Her collaboration with León came after they met through a mutual friend. Their first project was the 2022 EP Amor en Los Tiempos de Odio. The two reuniting again for "Calor" on Arepa felt like a given. "She invited me to work on something for the Arepa Mixtape. I pulled up no questions," León tells New Times via email. "MJ has a vision and sticks to it, and I think people are inspired by that. She also goes out of her way to empower other Miami female producers, and I think that's very important."

In addition to León and INVT's contributions, Arepa Mixtape's ten tracks feature collaborations with Ana Macho, a trans and nonbinary artist from Puerto Rico; Dominican producer Móry; and neoperreo artist Ms. Nina.

"I would call neoperreo more an underground femme reggaeton scene," Nebreda explains. "It was natural — these were the girls. It wasn't femme only on the mixtape, and I don't know if I fit into one sound. There's an intensity in the rhythms that can manifest in all different ways. And I'm trying to learn all these sounds."

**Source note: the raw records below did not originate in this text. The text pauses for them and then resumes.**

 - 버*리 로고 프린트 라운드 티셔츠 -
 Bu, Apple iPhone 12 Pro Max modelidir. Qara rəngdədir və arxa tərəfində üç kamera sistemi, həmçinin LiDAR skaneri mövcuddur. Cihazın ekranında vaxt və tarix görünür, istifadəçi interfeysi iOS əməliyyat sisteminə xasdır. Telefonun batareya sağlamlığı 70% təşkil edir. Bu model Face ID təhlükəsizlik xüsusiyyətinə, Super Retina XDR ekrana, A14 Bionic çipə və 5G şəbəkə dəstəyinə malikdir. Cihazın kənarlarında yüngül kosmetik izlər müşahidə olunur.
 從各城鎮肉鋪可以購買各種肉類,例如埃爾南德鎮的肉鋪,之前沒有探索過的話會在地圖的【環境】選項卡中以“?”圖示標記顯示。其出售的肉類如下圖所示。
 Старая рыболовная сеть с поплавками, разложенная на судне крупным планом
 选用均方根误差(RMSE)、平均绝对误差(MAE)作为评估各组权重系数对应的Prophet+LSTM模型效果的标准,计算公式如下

Regarding Miami's music scene, Nebreda says, "It's one huge community now, and that's almost what I'm also exploring in the album. It's like a lot of all the artists are independent, and all the artists like La Goony Chonga and Ms. Nina, they all kind of come from these movements that are outside the normal spectrum of what's accepted."

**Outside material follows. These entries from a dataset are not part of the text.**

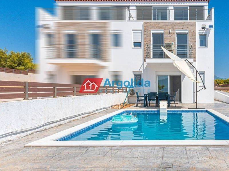 In one of the best neighborhoods of the area in Kavos, Corinthia, just 250 meters from the beach, two adjoining detached houses of excellent construction are for sale, each with a total area of 135 sq.m. on a 640 sq.m. plot. Each house features a superb layout with spacious and functional rooms. The ground floor includes an open-plan kitchen and living area with a WC and direct access to the beautiful garden. On the mezzanine level, there are two large bedrooms, one with an en-suite bathroom, plus an additional bathroom for residents’ convenience. The top floor offers an extra space suitable for a room or office, with a large terrace and WC, providing unique views and tranquility. Built in 2022 with great attention to detail, the property has Energy Class A, individual oil heating, aluminum sliding frames with double glazing and screens, as well as built-in wardrobes. The exterior features a beautiful garden with trees and lawn, a private swimming pool, a 3 sq.m. storage room, parking, and easy access via an internal staircase. This property is ideal for a permanent residence or holiday home, combining immediate access to the sea, peace, and high-quality living in a quiet neighborhood.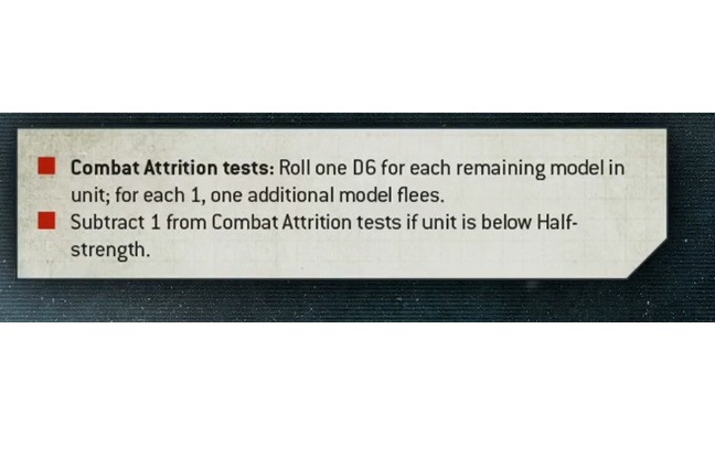 Cada 1 (o cada 1 y cada 2 si la unidad está a la mitad de su tamaño) implicará más miniaturas huyendo. Por lo comentado en WarhammerTV, habrá facciones como los Amos de la Noche o los Desolladores que modificarán el Desgaste de Combate.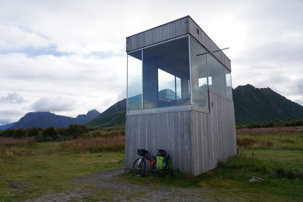 Am Anfang ging es entlang des Meeres auf einer kleinen «Nebenstrasse» und es kam langsam wieder ein Müü Motivation in mir auf. Pünktlich zur Mittagszeit erreichte ich einen Rastplatz/eine Sehenswürdigkeit. Abgesehen von der modernen Bauweise des Rastplatzes und eines kleinen Leuchtturms gabs da allerdings nicht viel Besonderes zu sehen. Abgesehen von der Wand des WCs, welche sich beim Betreten in ein Fenster verwandelte, ohne dass jemand von draussen hineinsehen konnte. Ich machte ein paar Fotos des Leuchtturms und genoss mein Mittagessen.

"I feel that Nebreda is part of this greater ecosystem, but she is really one of the more promising voices within it," Herrera adds. "One thing that I appreciate about MJ is her vocal style — how she gives this coy, breathy spin on the reggaeton voice. It very much echoes Glory and Jenny La Sexy Voz, who were responsible for making these hooks that made reggaeton successful in the mid-2000s and weren't credited. I think it's part of the same genealogy. We're channeling that area, but MJ is front and center."

"What the people want, they are going to get," Nebreda says. "Arepa Mixtape was just the warm-up."